### EXERCISE INSTRUCTIONS
Your answer must be the exact lines below, starting with the line with "아시아나cc 회원권은 일반회원권과" and going on through the line with "A high-quality collection", both included, with no pictures.

### RECORDED DATA

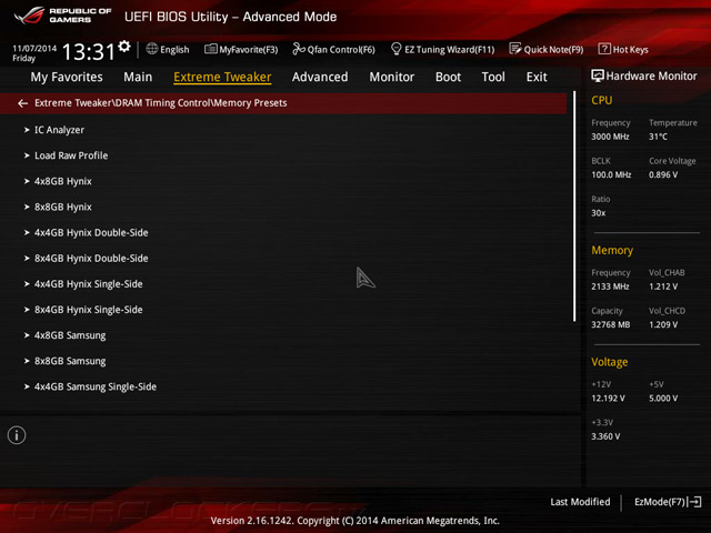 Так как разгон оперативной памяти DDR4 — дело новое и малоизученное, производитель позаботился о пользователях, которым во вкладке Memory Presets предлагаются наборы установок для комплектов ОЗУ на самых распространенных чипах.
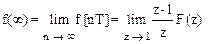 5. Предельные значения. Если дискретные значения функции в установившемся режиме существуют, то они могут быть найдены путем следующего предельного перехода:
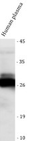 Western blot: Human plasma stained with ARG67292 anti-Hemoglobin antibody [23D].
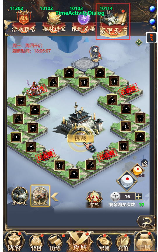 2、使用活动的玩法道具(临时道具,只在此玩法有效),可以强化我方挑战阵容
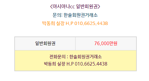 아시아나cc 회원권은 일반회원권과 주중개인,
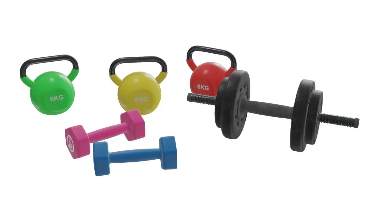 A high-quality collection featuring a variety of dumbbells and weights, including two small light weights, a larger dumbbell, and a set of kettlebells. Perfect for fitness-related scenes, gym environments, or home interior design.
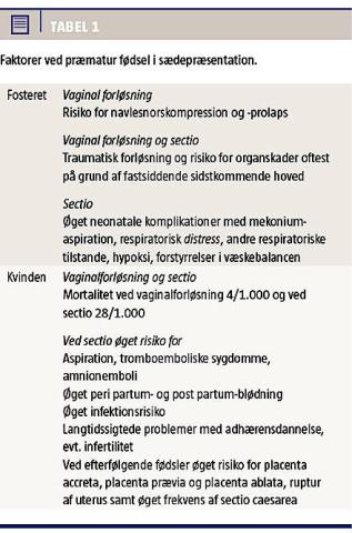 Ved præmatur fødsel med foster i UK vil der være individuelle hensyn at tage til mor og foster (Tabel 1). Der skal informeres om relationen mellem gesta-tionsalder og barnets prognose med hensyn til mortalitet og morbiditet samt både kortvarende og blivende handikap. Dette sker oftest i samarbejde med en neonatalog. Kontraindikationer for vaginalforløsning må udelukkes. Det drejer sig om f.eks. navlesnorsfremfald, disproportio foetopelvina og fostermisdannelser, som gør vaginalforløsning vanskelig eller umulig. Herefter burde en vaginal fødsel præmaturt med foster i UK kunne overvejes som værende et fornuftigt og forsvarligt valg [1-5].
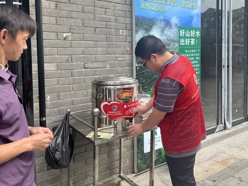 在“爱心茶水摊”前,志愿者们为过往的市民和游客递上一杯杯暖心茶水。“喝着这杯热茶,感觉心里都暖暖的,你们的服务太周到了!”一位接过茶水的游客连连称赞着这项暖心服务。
==
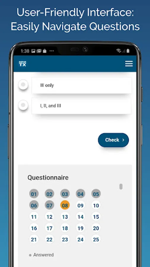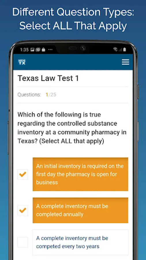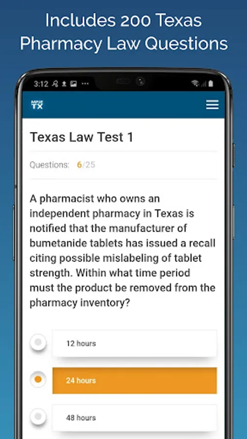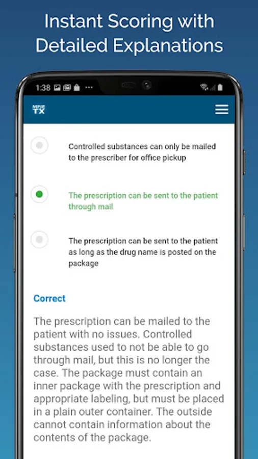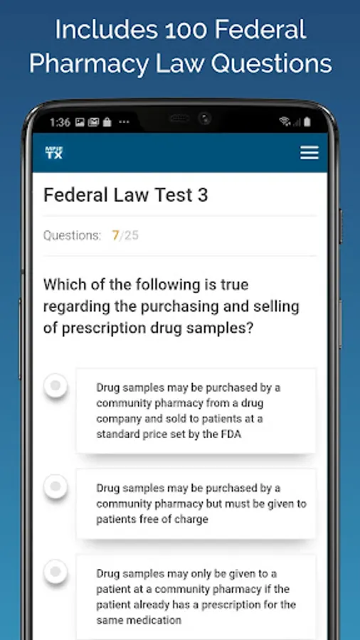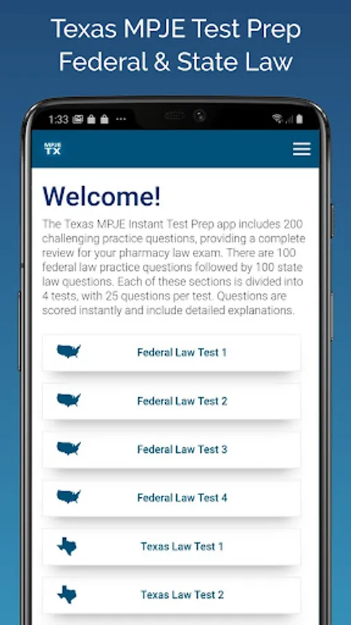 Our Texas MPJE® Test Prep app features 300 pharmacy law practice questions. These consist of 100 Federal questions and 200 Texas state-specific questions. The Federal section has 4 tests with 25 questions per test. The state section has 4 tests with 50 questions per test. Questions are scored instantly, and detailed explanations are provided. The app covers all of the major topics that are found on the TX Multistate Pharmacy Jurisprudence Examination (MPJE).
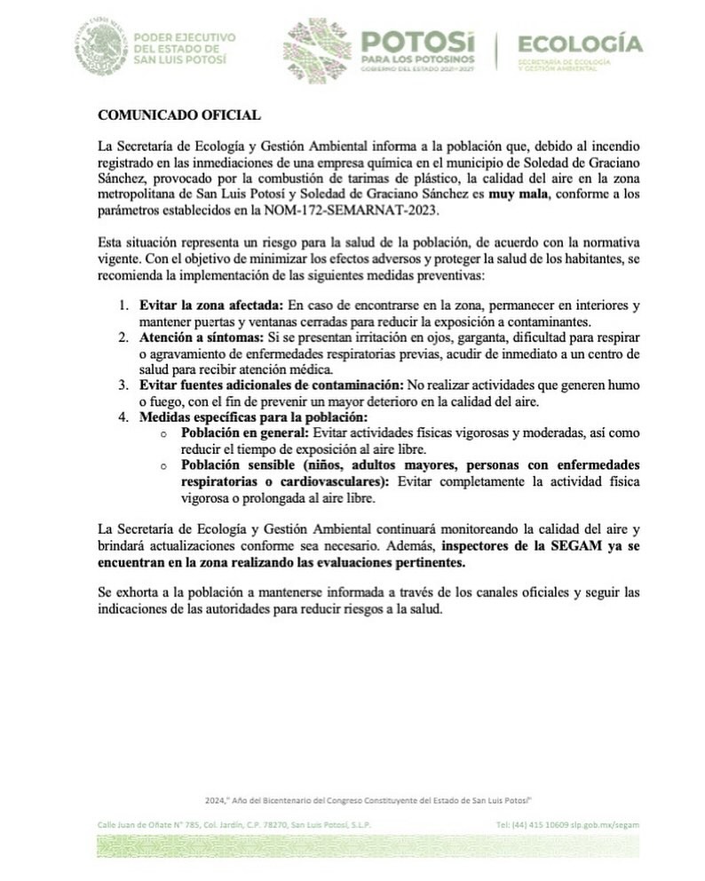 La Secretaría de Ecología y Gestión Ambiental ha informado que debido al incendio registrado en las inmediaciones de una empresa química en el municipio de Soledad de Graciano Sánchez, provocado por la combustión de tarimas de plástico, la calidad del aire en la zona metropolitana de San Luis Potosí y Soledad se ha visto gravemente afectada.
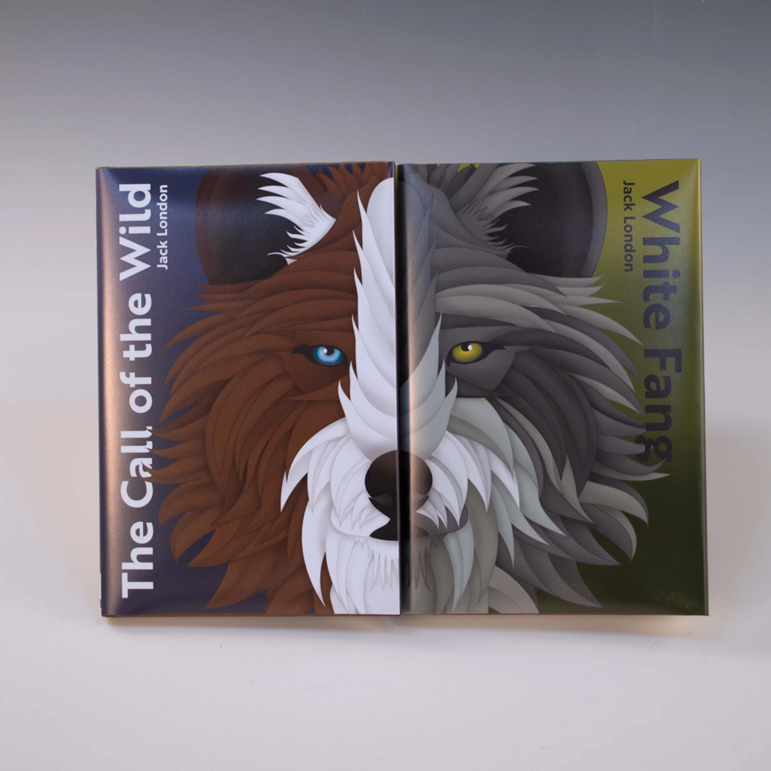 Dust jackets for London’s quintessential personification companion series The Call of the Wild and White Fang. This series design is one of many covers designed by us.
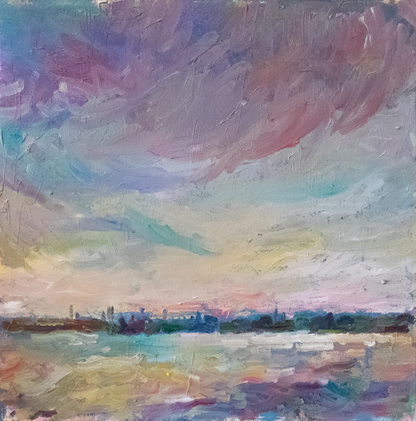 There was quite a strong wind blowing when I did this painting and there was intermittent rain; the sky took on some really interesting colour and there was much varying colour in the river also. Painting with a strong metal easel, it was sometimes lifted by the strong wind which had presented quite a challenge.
==
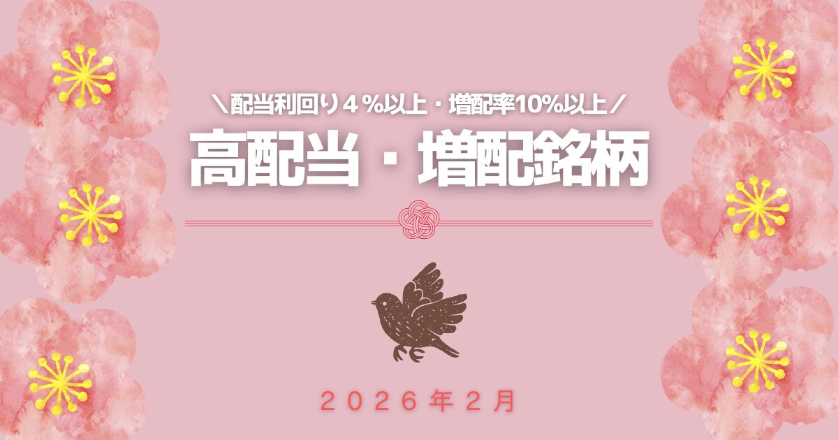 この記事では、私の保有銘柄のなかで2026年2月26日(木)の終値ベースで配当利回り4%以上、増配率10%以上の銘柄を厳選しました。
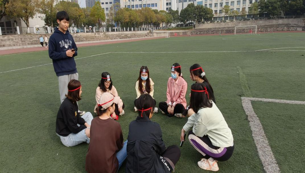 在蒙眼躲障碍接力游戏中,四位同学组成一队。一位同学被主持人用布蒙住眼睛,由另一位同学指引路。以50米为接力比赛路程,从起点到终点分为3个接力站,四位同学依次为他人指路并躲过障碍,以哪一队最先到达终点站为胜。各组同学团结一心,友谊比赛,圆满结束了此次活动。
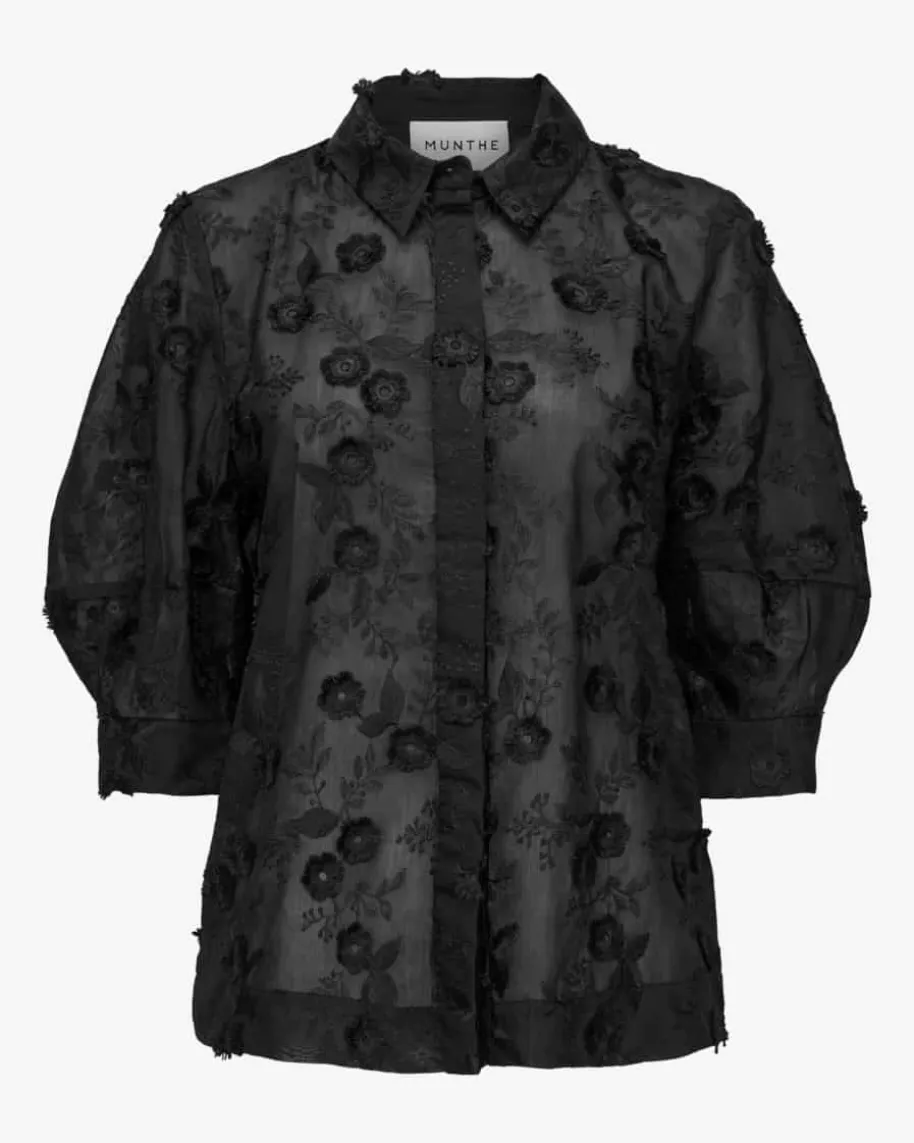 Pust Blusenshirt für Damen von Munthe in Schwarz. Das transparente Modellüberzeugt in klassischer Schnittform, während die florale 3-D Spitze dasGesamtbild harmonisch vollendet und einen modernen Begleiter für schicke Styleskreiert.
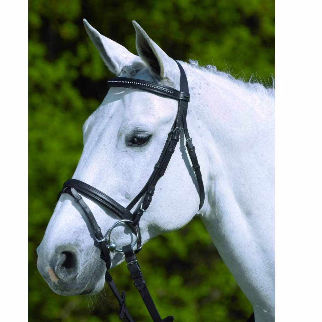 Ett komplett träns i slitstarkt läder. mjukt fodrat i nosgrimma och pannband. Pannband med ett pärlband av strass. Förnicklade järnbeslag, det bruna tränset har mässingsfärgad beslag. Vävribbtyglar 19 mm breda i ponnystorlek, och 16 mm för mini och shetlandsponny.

### SOLVED PROBLEM
 아시아나cc 회원권은 일반회원권과 주중개인,
 A high-quality collection featuring a variety of dumbbells and weights, including two small light weights, a larger dumbbell, and a set of kettlebells. Perfect for fitness-related scenes, gym environments, or home interior design.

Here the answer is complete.